Desarrollarán plantas de arroz genéticamente modificadas que no acumulan arsénico del suelo

Desarrollarán plantas de arroz genéticamente modificadas que no acumulan arsénico del suelo

Enraizadas en su lugar, las plantas no pueden huir de los suelos contaminados con arsénico, pero están lejos de estar indefensas. Los científicos han identificado enzimas que ayudan a las raíces de las plantas de arroz a lidiar con el arsénico, convirtiéndolo en una forma que puede ser empujada de nuevo al suelo. Eso deja menos elementos tóxicos para extenderse a los granos de las plantas, donde puede representar un riesgo para la salud de los seres humanos, informaron investigadores el 17 de febrero en la reunión anual de la Asociación Americana para el Avance de la Ciencia.

Una vez que el arsénico llega a las raíces de las plantas de arroz y se mete en el sistema vascular, “se transporta a las hojas y el grano”, dijo David Salt, un biólogo de la Universidad de Nottingham en Inglaterra. Dentro de la planta, el arsénico “puede acumularse hasta niveles donde potencialmente puede ser tóxico si se acumula durante largos períodos de tiempo”.

Dado que el arsénico se encuentra naturalmente en el suelo, la comprensión de la base genética de los mecanismos de defensa natural de las plantas podría ayudar a los investigadores a diseñar plantas que absorban menos arsénico, dijo Mary Lou Guerinot, bióloga del Dartmouth College.
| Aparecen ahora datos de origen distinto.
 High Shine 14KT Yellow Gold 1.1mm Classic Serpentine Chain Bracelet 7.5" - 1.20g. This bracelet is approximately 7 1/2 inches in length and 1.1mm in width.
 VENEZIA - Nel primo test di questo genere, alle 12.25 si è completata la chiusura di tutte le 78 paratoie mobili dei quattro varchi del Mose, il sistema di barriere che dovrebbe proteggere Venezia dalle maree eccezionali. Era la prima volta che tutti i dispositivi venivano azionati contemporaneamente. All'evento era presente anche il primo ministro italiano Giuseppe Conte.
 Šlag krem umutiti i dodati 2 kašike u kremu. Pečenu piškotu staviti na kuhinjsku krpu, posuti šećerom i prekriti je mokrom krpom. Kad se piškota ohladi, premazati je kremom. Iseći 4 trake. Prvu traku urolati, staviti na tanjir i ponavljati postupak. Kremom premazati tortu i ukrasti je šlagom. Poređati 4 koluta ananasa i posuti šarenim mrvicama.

El arsénico en el suelo cambia entre dos formas diferentes, iones con diferentes cargas eléctricas. Esa forma depende de las condiciones del suelo, que en un campo de arroz fluctúan entre más húmedas y secas. Las plantas son más propensas a absorber arsenito del suelo empapado en un campo de arroz inundado, y arseniato cuando el suelo se seca un poco. Las plantas utilizan diferentes mecanismos químicos para captar y procesar los diferentes iones de arsénico.
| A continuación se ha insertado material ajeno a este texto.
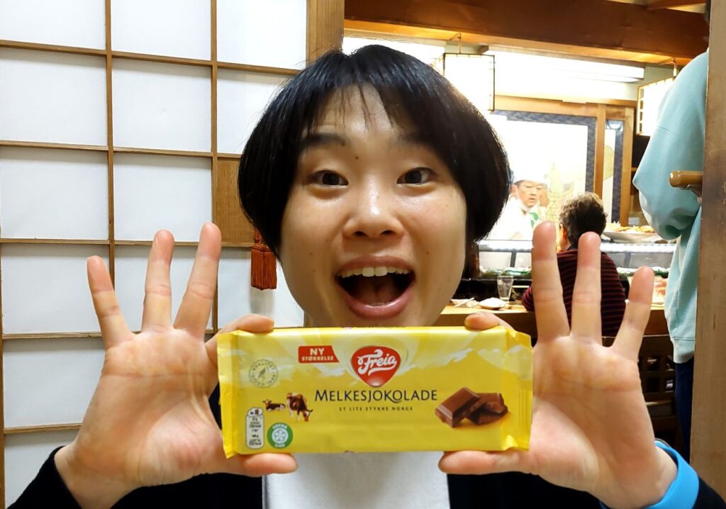 ん?もしかして、W杯の遠征でノルウェーに行ってる?と思って有希選手に頼んで当時買って来てもらいました。それを覚えていてくれたのか?今回もテルリンに買って来てくれました超ー嬉しいさー!沖縄に帰って、美味しくてあっという間に食べちゃいました、「死に?デージーマーサン!」
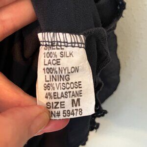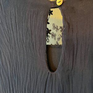 Gorgeous Carla Conti embroidered lace trim top in deep blue, soft and flowy, with floral sheer embroidery at top and pleated bottom over super soft lining, size M. So feminine and sweet. Shoulder to hem measures about 26.5". Made in Italy, silk lace with nylon lining. One button loop closure in back. Very good condition. Smoke-free home.
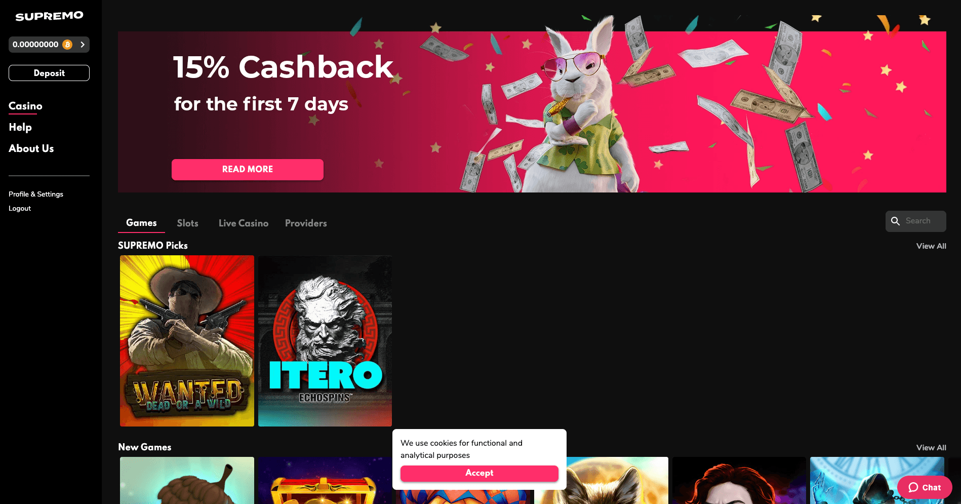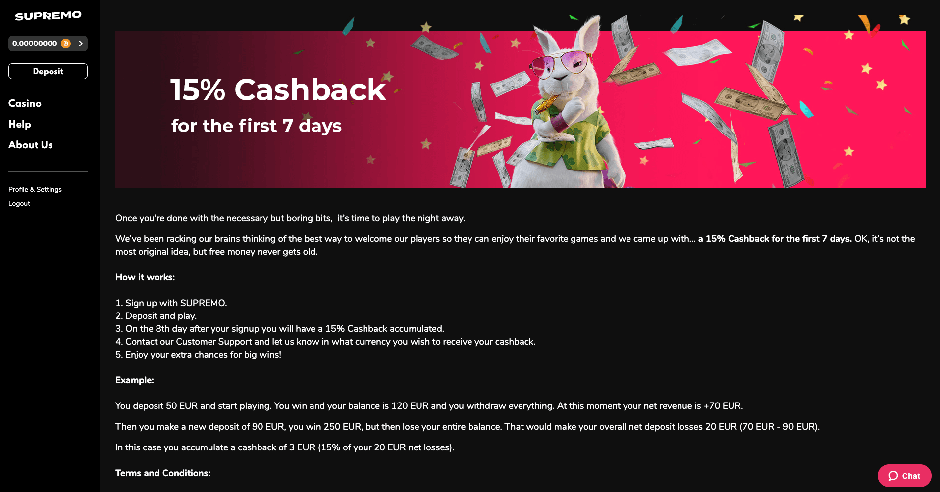 Supremo Casino offers a splendid 15% cashback for the first seven days after you've signed up to the casino. How does that work? Easy! Sign up with Supremo, deposit and play your favorite games. On the eight day after you signup, you'll receive 15% of the losses accumulated back. Remember to contact customer support to let them know which currency you'd like your cashback in.

En el suelo rico en arseniato, el ion se desliza en la capa externa de las células de la raíz a través de canales especializados, llamados canales de transporte, que normalmente transportan iones fosfato a través de las membranas celulares de las raíces. Transformar arseniato en arsenito, lo que permite a las raíces empujar el elemento de nuevo al suelo a través de un proceso llamado eflujo, pero los científicos no estaban seguros de cómo la planta cambió la forma del arsénico.

El equipo de Salt encontró que las plantas de arroz sin los genes que codifican las enzimas llamadas HAC1; 1 y HAC1; 2 no podían convertir el arseniato en arsenito. Así que más arseniato se acumuló en los brotes de las plantas. Cuando los científicos insertaron los genes HAC1; 1 y HAC1; 2 en otras plantas de arroz, produjeron más enzimas de lo habitual y los granos de esas plantas tenían concentraciones más bajas de cualquier forma de arsénico.

Es sólo un tipo defensa de varias, dijo Salt, y no es una “bala de plata”. El arseniato puede propagarse en los sistemas vasculares de las plantas desde las raíces a través de canales de fosfato.

Cuando el suelo es rico en arsenito, las raíces de arroz toman arsenito a través de los mismos canales que reciben silicio. Aunque el eflujo es una forma eficaz de eliminar las raíces del arsenito, hay un límite en la rapidez con que las células pueden empujar el ion hacia fuera.

 

Así que para crear plantas de arroz que sean mejores metabolizando el arsénico, Salt y otros científicos están buscando no sólo cómo las raíces pueden expulsar el arsénico una vez que ingresa, sino cómo mantener la toxina afuera desde un inicio. Por ejemplo, modificando los canales que que son mejores en tirar sólo fosfato o simplemente silicio podría disminuir la cantidad de arsénico que co-utiliza esos canales.

Dado que las condiciones del suelo en un campo de arroz alternan entre seco y húmedo, las plantas necesitan mecanismos de defensa para ambas formas de arsénico. “Una vez que sepamos qué formas toma la planta y cómo lo hace, vamos a necesitar una solución para arseniato y arsenito”, dice Guerinot. “No hay una solución fácil.”